Minuit dans le désert

Écrits publics ou réflexions intimes

Toutes les réflexions méritent d'être écrites... Mais toutes les réflexions ne méritent pas d'être publiques.

La question s'est posée dès que j'ai partagé mes premiers textes ici :

Quoi partager et quoi garder pour moi?

Si l'écrit me parait trop intime, s'il a été pondu sous l'impulsion d'une émotion quelconque ou si j'ai le moindre doute, je ne le partage pas.

Je ne partage pas non plus un texte que j'avais écrit à la base pour être publié, mais que je me retrouve à dénaturer en essayant d'en atténuer les angles. Je ne souhaite pas me mentir. Surtout pas ici.

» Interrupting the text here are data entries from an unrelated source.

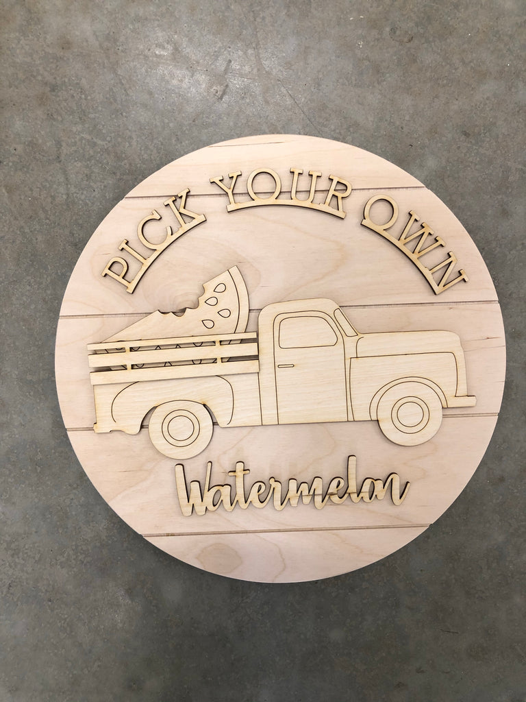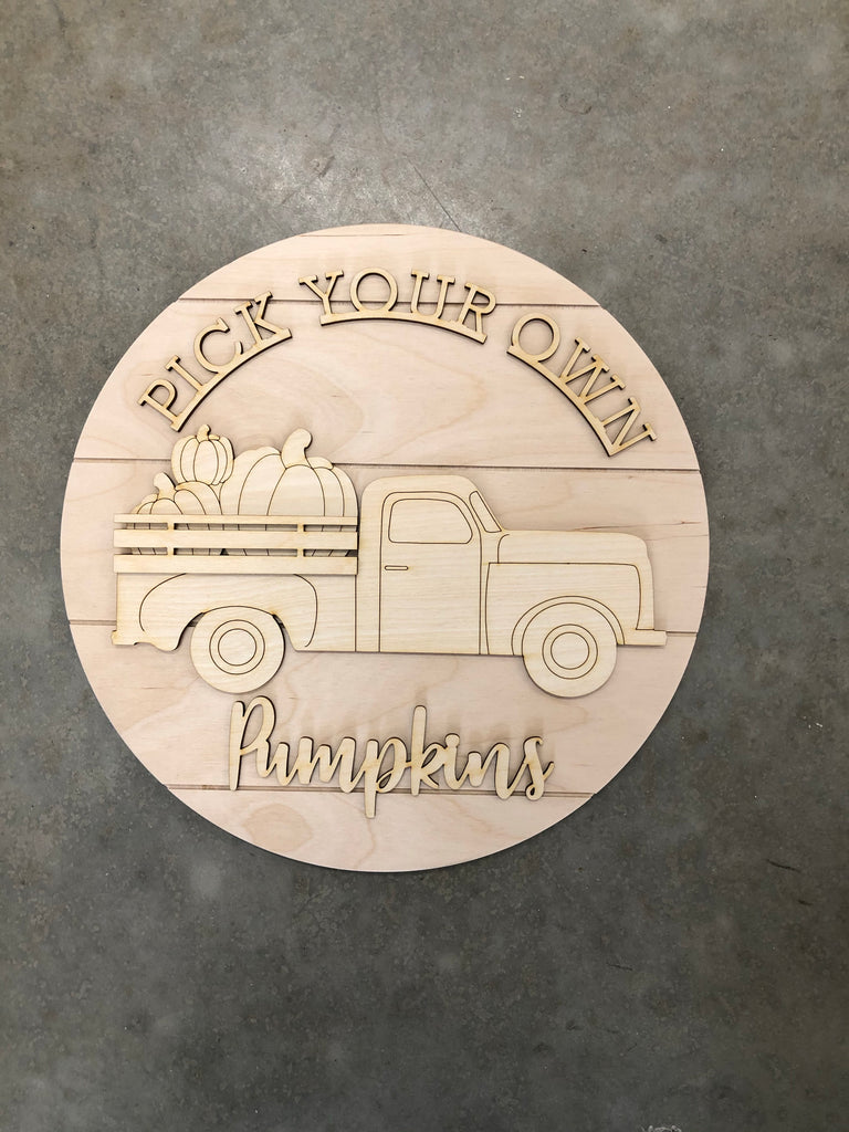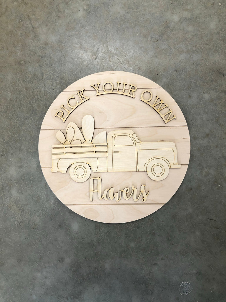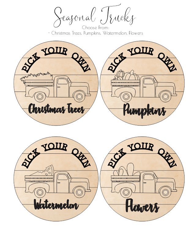 By popular request, this "Pick your Own" truck design is now available!  This design is available in two different sizes on 18" or 12" Pallet Rounds.
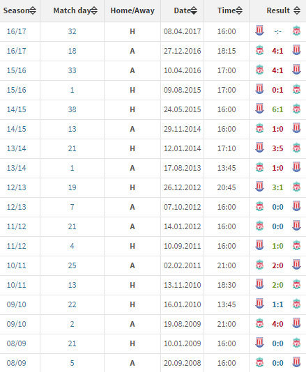 REKOR KANDANG STOKE VS LIVERPOOL (PREMIER LEAGUE)
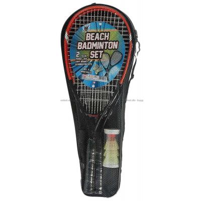 I väskan ligger 2 racketar (lite mer robusta än vanliga badmintonracket), 3 badminton-bollar i plast (något tyngre än vanliga badminton-bollar så de inte så lätt tas av vinden när ni spelar utomhus).

J'irai simplement écrire ailleurs.

Écrire sans me censurer est un plaisir que je me suis permis avec le temps. J'ai besoin d'un endroit pour écrire exactement ce que je pense lorsque mes réflexions ne sont pas élégantes. J'aime pouvoir écrire des choses folles sans ressentir l'obligation d'en changer un seul mot.

J'ai des cahiers pour ces textes-là, et je les jette à mesure que je les remplis; je ne voudrais pas que quelqu'un tombe dessus. Mais je les relis toujours un peu avant de les jeter, question d'examiner le chemin parcouru.

L'intérêt que je trouve à ces relectures varie en fonction de l'émotion qui m'a poussée à écrire. Les réflexions tristes sont toujours ennuyantes à relire et je ne m'y attarde pas longtemps; les réflexions rageuses me surprennent parfois un peu par leur violence, sans plus; mais les réflexions égrillardes, elles, sont toujours un plaisir à revisiter.

J'accomplis donc ce rituel avant de passer un cahier de plus à la déchiqueteuse, puis je vais choisir le prochain parmi tous ceux que j'achète et que j'accumule au fil des ans.

Et ainsi va la vie avec les écrits intimes qui ne figureront jamais sur ce blog.